# What the task asks:
Go to the line with "- Tisch und" in the entries below and write out every line from there through the line with "ついにスポーツクラブ、いや運動塾の正会員になり、 ユニフォームを着たS。 鞄から服まで一式、", exactly and without pictures.

··· Information supplied ···

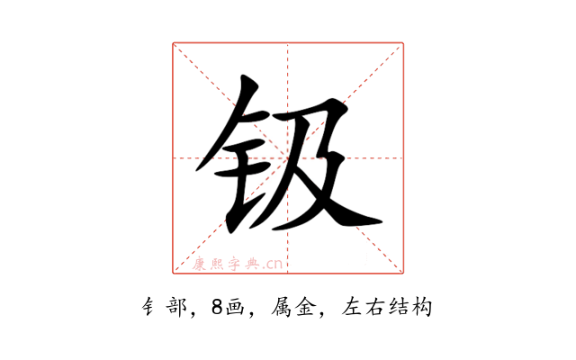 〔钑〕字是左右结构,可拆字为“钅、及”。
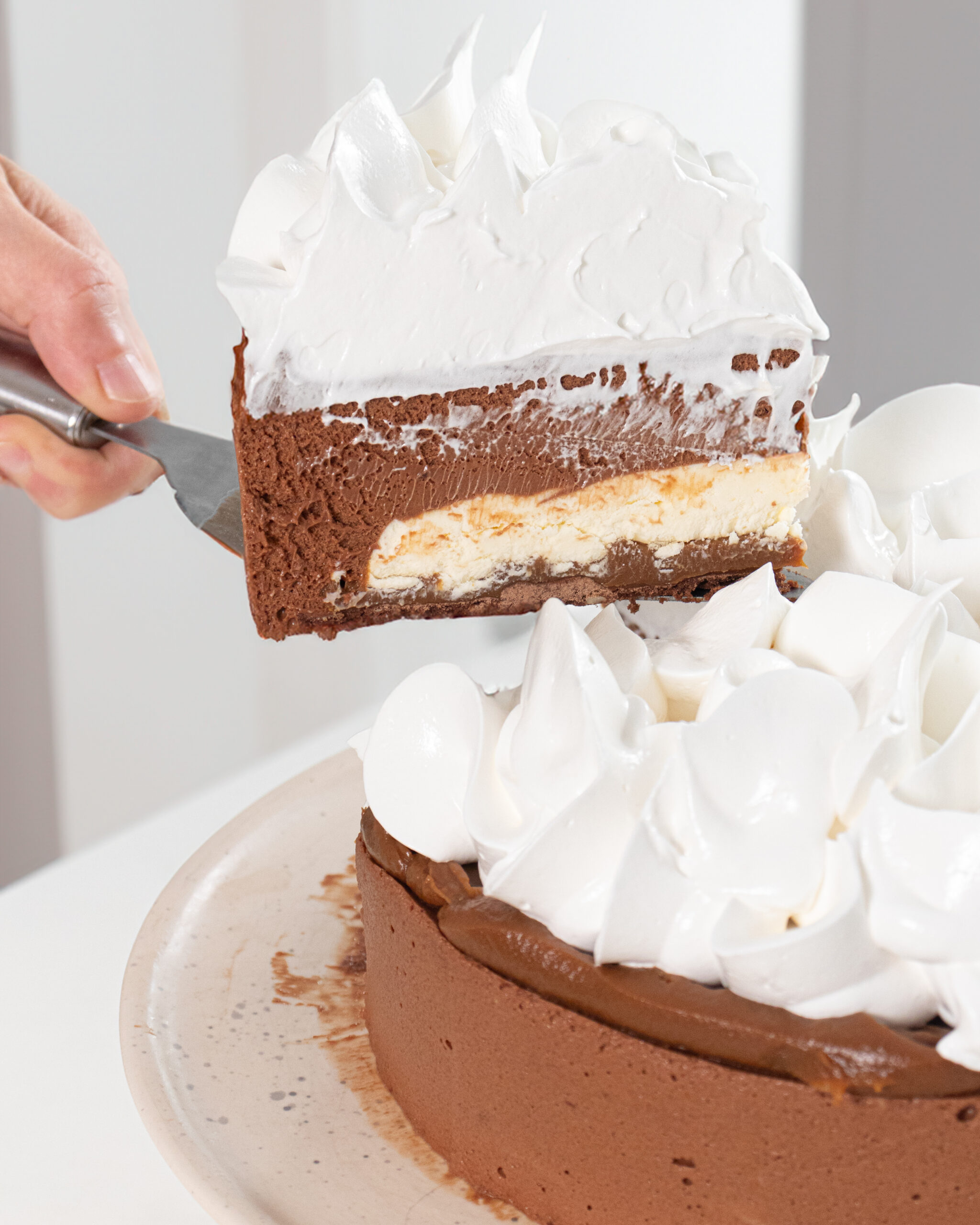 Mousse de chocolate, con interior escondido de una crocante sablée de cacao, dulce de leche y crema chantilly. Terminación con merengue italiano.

···
··· Information supplied ···

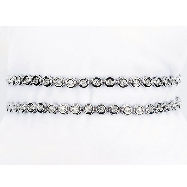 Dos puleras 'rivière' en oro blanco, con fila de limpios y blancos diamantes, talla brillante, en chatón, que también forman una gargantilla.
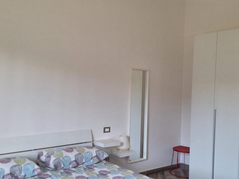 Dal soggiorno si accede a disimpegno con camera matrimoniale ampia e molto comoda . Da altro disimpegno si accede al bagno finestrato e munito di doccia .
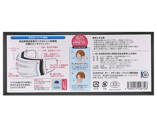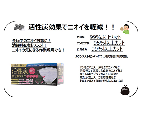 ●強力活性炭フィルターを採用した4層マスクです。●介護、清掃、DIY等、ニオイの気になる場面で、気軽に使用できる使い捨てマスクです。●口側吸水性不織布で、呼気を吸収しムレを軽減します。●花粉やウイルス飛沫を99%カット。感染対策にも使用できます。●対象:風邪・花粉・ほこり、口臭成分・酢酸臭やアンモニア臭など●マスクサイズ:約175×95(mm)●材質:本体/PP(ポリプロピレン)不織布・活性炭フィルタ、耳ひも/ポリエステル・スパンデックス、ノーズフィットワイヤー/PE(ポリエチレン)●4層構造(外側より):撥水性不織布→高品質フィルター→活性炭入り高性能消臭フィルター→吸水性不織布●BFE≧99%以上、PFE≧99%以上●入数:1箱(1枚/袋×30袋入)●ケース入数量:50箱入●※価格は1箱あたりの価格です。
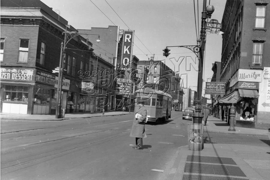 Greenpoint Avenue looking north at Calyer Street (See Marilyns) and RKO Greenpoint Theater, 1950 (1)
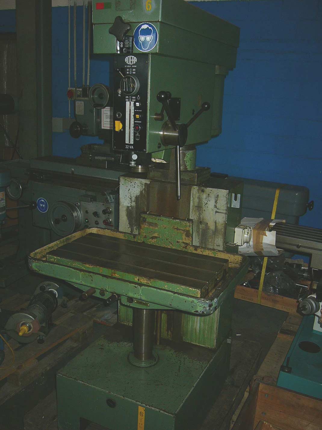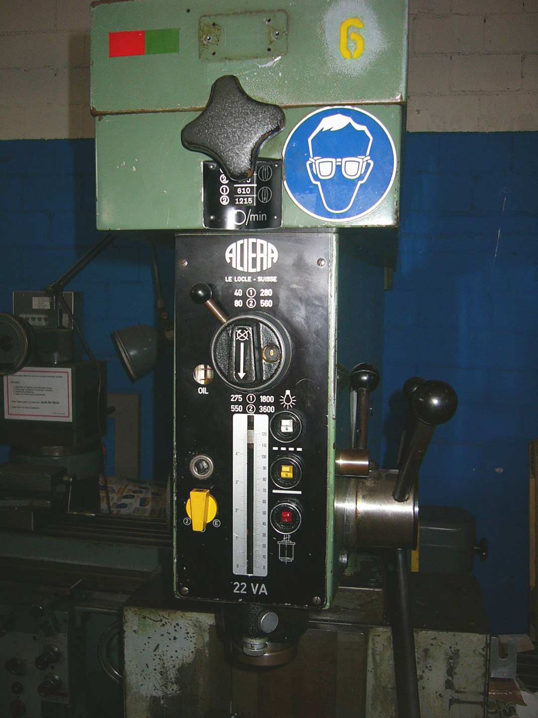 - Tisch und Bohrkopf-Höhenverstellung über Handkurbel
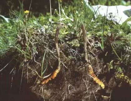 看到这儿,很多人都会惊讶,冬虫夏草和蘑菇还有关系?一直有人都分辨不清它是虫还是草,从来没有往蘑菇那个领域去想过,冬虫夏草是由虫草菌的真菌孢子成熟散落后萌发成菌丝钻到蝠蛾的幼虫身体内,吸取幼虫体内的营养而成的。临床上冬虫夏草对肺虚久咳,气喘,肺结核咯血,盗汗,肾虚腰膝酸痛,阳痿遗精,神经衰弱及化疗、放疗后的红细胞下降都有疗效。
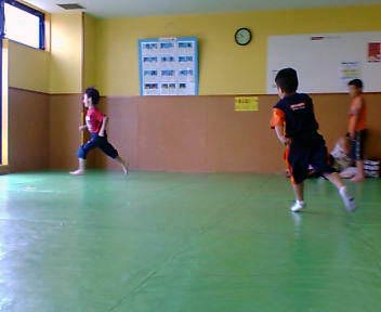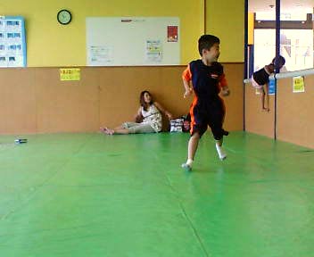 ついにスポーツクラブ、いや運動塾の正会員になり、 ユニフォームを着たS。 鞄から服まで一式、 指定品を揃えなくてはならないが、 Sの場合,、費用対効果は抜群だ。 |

···

# Output for this task:
 - Tisch und Bohrkopf-Höhenverstellung über Handkurbel
 看到这儿,很多人都会惊讶,冬虫夏草和蘑菇还有关系?一直有人都分辨不清它是虫还是草,从来没有往蘑菇那个领域去想过,冬虫夏草是由虫草菌的真菌孢子成熟散落后萌发成菌丝钻到蝠蛾的幼虫身体内,吸取幼虫体内的营养而成的。临床上冬虫夏草对肺虚久咳,气喘,肺结核咯血,盗汗,肾虚腰膝酸痛,阳痿遗精,神经衰弱及化疗、放疗后的红细胞下降都有疗效。
 ついにスポーツクラブ、いや運動塾の正会員になり、 ユニフォームを着たS。 鞄から服まで一式、 指定品を揃えなくてはならないが、 Sの場合,、費用対効果は抜群だ。 |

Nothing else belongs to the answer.